HUMAnN: The HMP Unified Metabolic Analysis Network
|To find...||...check out:|
|Contact||Curtis Huttenhower, firstname.lastname@example.org|
HUMAnN is a pipeline for efficiently and accurately determining the presence/absence and abundance of microbial pathways in a community from metagenomic data. Sequencing a metagenome typically produces millions of short DNA/RNA reads. HUMAnN takes these reads as inputs and produces gene and pathway summaries as outputs:
The abundance of each orthologous gene family in the community. Orthologous families are groups of genes that perform roughly the same biological roles. HUMAnN uses the KEGG Orthology (KO) by default, but any catalog of orthologs can be employed with minor changes (COG, NOG, etc.). For more information, please refer to the "Using alternatives to KEGG" section below.

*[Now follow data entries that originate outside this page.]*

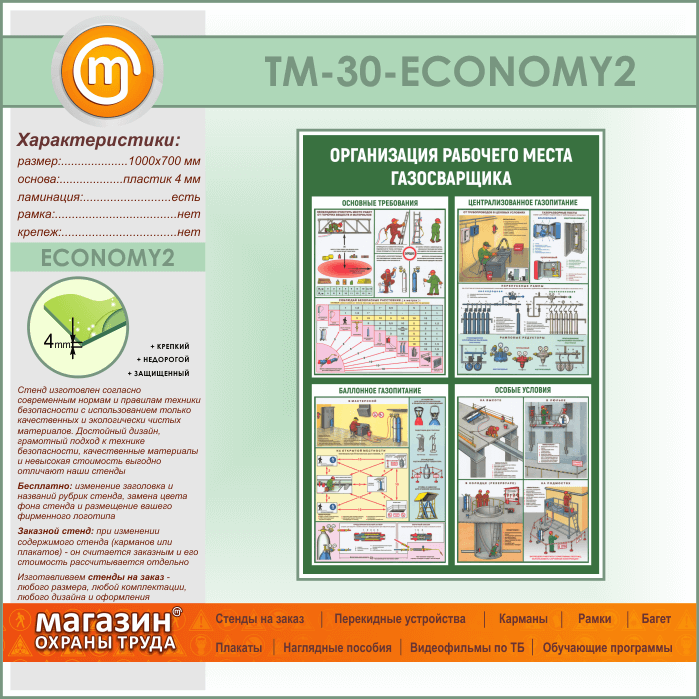 Стенд «Организация рабочего места газосварщика» (TM-30-ECONOMY2) в Твери купить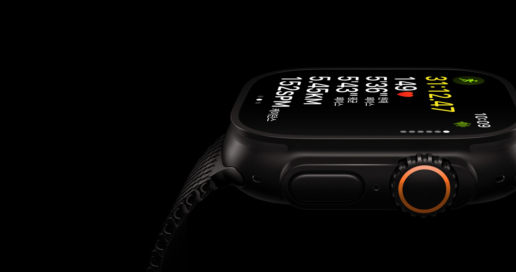 Apple Watch Ultra 3에 탑재된 센서와 앱은 밤이든 낮이든, 수시로 당신의 혈중 산소 포화도를 측정하는 것은 물론, 당신이 원할 때마다 그 자리에서 측정할 수 있게 해줍니다.16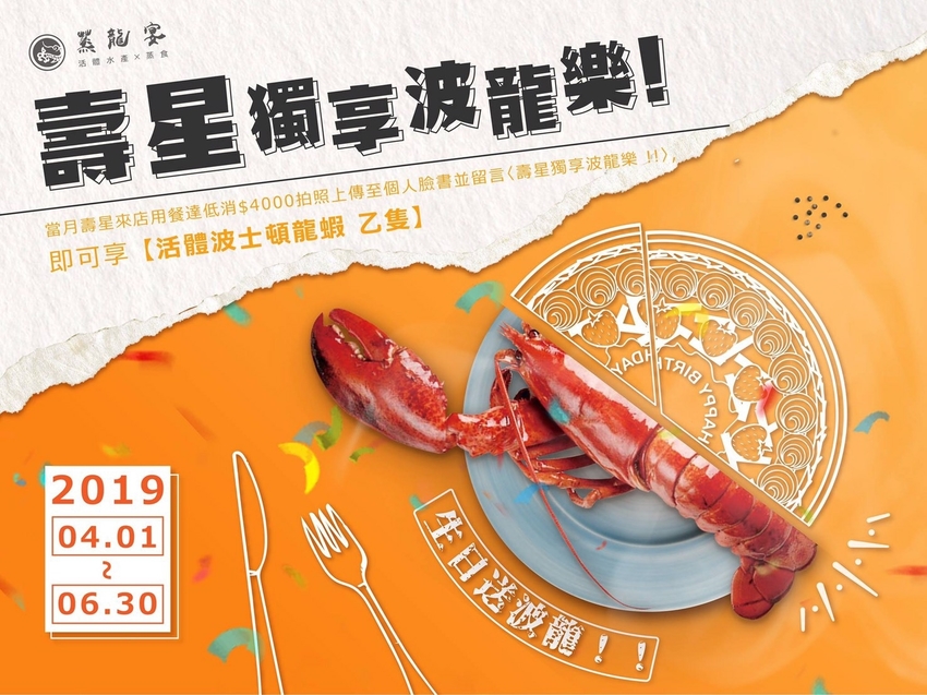 來蒸龍宴過生日吧!壽星當月可享免費波龍一隻欸,想想剛剛的彈牙蝦肉,一個人吃一隻艾方妮真的很可以!哈,這樣應該沒人可揪啦!美食大家一起分享會更好吃啦!

The presence/absence of each pathway in the community. HUMAnN refers to pathway presence/absence as "coverage," and defines a pathway as a set of two or more genes. HUMAnN uses KEGG pathways and modules by default, but again can easily be modified to use GO terms or other gene sets.
The abundance of each pathway in the community, i.e. how many "copies" of that pathway are present.
HUMAnN can thus be used in tandem with any translated BLAST program to convert sequence reads into coverage and abundance tables summarizing the gene families and pathways in a microbial community. This lets you analyze a collection of metagenomes as a matrix of gene/pathway abundances, just like you might analyze a collection of microarrays.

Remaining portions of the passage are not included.